### [Assignment]
Aim for an exact copy of the listing, without any images.

### [Supplied information]
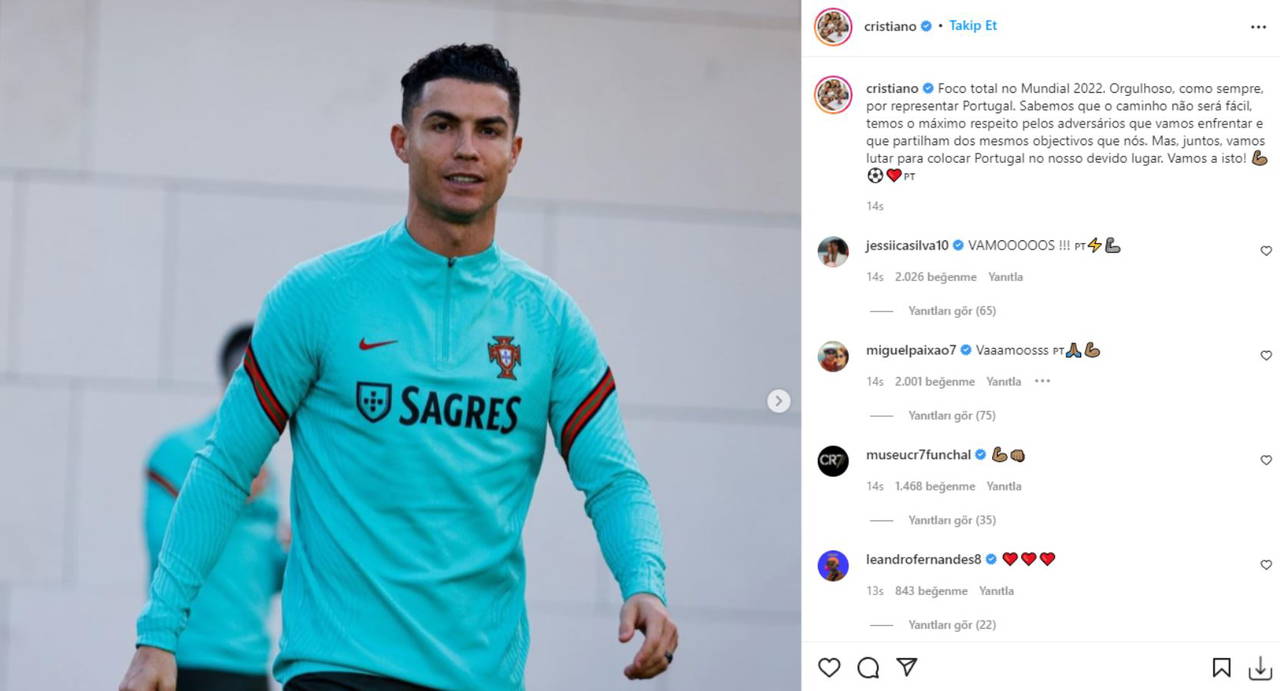 Ronaldo resmi Instagram hesabından yaptığı maç öncesi paylaşımda, "2022 Dünya Kupası'na tamamen odaklanın. Her zaman olduğu gibi Portekiz'i temsil etmekten gurur duyuyorum. Yolun kolay olmayacağını biliyoruz, karşılaşıcağımız ve bizimle aynı hedefleri olan rakiplere saygımız sonsuz. Birlikte Portekiz'i hak ettiği yere koymak için savaşacağız. Haydi yapalım şunu!" ifadelerini kullandı.
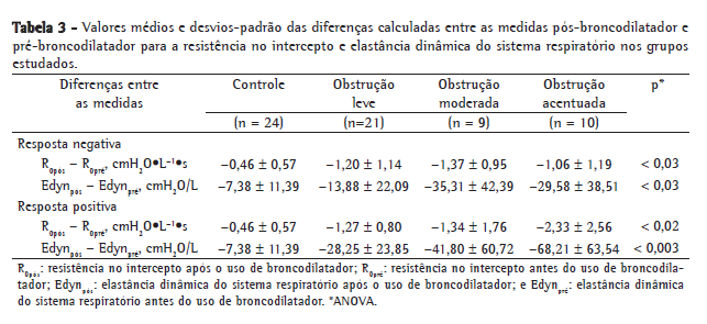 Assim, dando continuidade à pesquisa reportada anteriormente por nosso grupo nesta publicação,(10) este trabalho visa contribuir para aumentar nosso conhecimento sobre a resposta broncodilatadora em asmáticos adultos. Para esse fim, foi investigada a influência do nível basal de obstrução das vias aéreas nas alterações resistivas e elásticas decorrentes da prova broncodilatadora em asmáticos adultos.
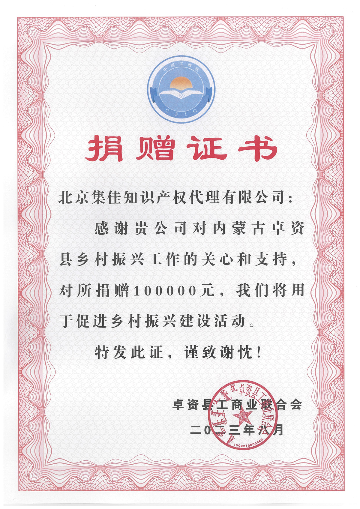為進一步促進京蒙對口幫扶協(xié)作工作,近日,集佳積極響應朝陽區(qū)工商聯(lián)的倡議,參加京蒙對口幫扶考察工作,并捐資10萬元支持內蒙古自治區(qū)烏蘭察布市卓資縣鄉(xiāng)村振興建設。
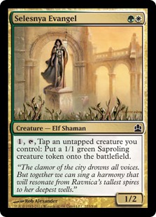 {1}, {T}, Tap an untapped creature you control: Put a 1/1 green Saproling creature token onto the battlefield.

### [Output of the exercise]
 Ronaldo resmi Instagram hesabından yaptığı maç öncesi paylaşımda, "2022 Dünya Kupası'na tamamen odaklanın. Her zaman olduğu gibi Portekiz'i temsil etmekten gurur duyuyorum. Yolun kolay olmayacağını biliyoruz, karşılaşıcağımız ve bizimle aynı hedefleri olan rakiplere saygımız sonsuz. Birlikte Portekiz'i hak ettiği yere koymak için savaşacağız. Haydi yapalım şunu!" ifadelerini kullandı.
 Assim, dando continuidade à pesquisa reportada anteriormente por nosso grupo nesta publicação,(10) este trabalho visa contribuir para aumentar nosso conhecimento sobre a resposta broncodilatadora em asmáticos adultos. Para esse fim, foi investigada a influência do nível basal de obstrução das vias aéreas nas alterações resistivas e elásticas decorrentes da prova broncodilatadora em asmáticos adultos.
為進一步促進京蒙對口幫扶協(xié)作工作,近日,集佳積極響應朝陽區(qū)工商聯(lián)的倡議,參加京蒙對口幫扶考察工作,并捐資10萬元支持內蒙古自治區(qū)烏蘭察布市卓資縣鄉(xiāng)村振興建設。
 {1}, {T}, Tap an untapped creature you control: Put a 1/1 green Saproling creature token onto the battlefield.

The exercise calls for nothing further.